PROBLEM REQUIREMENTS ▸ Leave the images out. Give every line below again, precisely.

DATASET EXCERPT ▸
'''

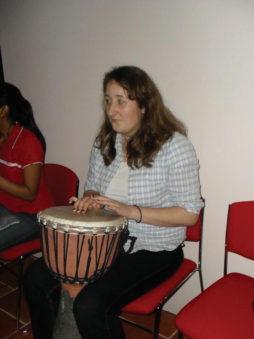 Prabhu plays the Hang, a kind of percussion instrument. It looks like a flying saucer, or a wok with lid. Made of steel, it has seven to nine tone-fields ‘hammered’ on its surface, and is played by the hands, resting in the player’s lap. A fairly recent creation, it is only available in Switzerland where it was invented in 2000, still made by hand by its original creators.
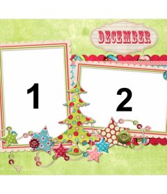 Collage para personalizar com suas duas fotos e colocá-los em duas molduras decoradas com artigos de Natal e texto dezembro acima da colagem. Temos também outro colagem de meses do ano para fazer online.
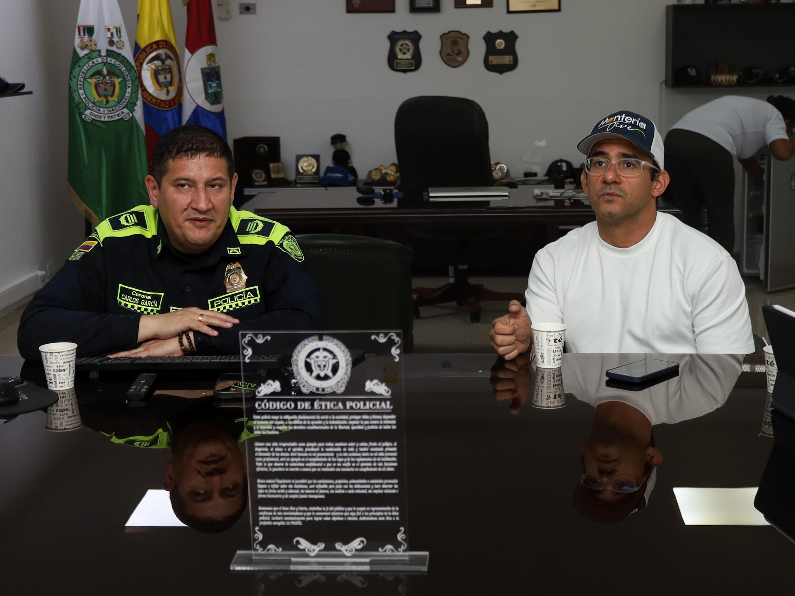 Montería, 28 de junio de 2024. El alcalde de Montería, Hugo Kerguelén García, y el comandante de la Policía Metropolitana de Montería, coronel Carlos García Suárez, se reunieron con el ánimo de hacerle seguimiento al decálogo de acciones que se vienen implementando desde el mes de enero y reforzar las estrategias en barrios y corregimientos.
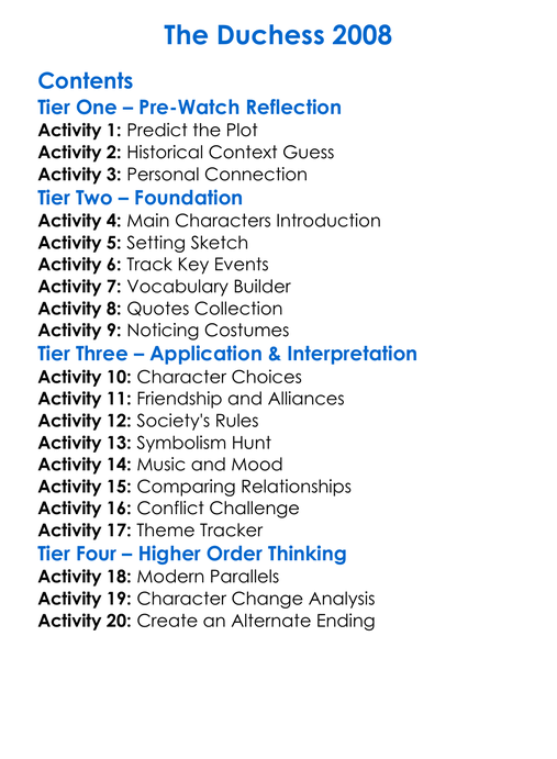 The Duchess 2008 Worksheet Activity Booklet

'''

THE COMPLETED TASK ▸
 Prabhu plays the Hang, a kind of percussion instrument. It looks like a flying saucer, or a wok with lid. Made of steel, it has seven to nine tone-fields ‘hammered’ on its surface, and is played by the hands, resting in the player’s lap. A fairly recent creation, it is only available in Switzerland where it was invented in 2000, still made by hand by its original creators.
 Collage para personalizar com suas duas fotos e colocá-los em duas molduras decoradas com artigos de Natal e texto dezembro acima da colagem. Temos também outro colagem de meses do ano para fazer online.
 Montería, 28 de junio de 2024. El alcalde de Montería, Hugo Kerguelén García, y el comandante de la Policía Metropolitana de Montería, coronel Carlos García Suárez, se reunieron con el ánimo de hacerle seguimiento al decálogo de acciones que se vienen implementando desde el mes de enero y reforzar las estrategias en barrios y corregimientos.
 The Duchess 2008 Worksheet Activity Booklet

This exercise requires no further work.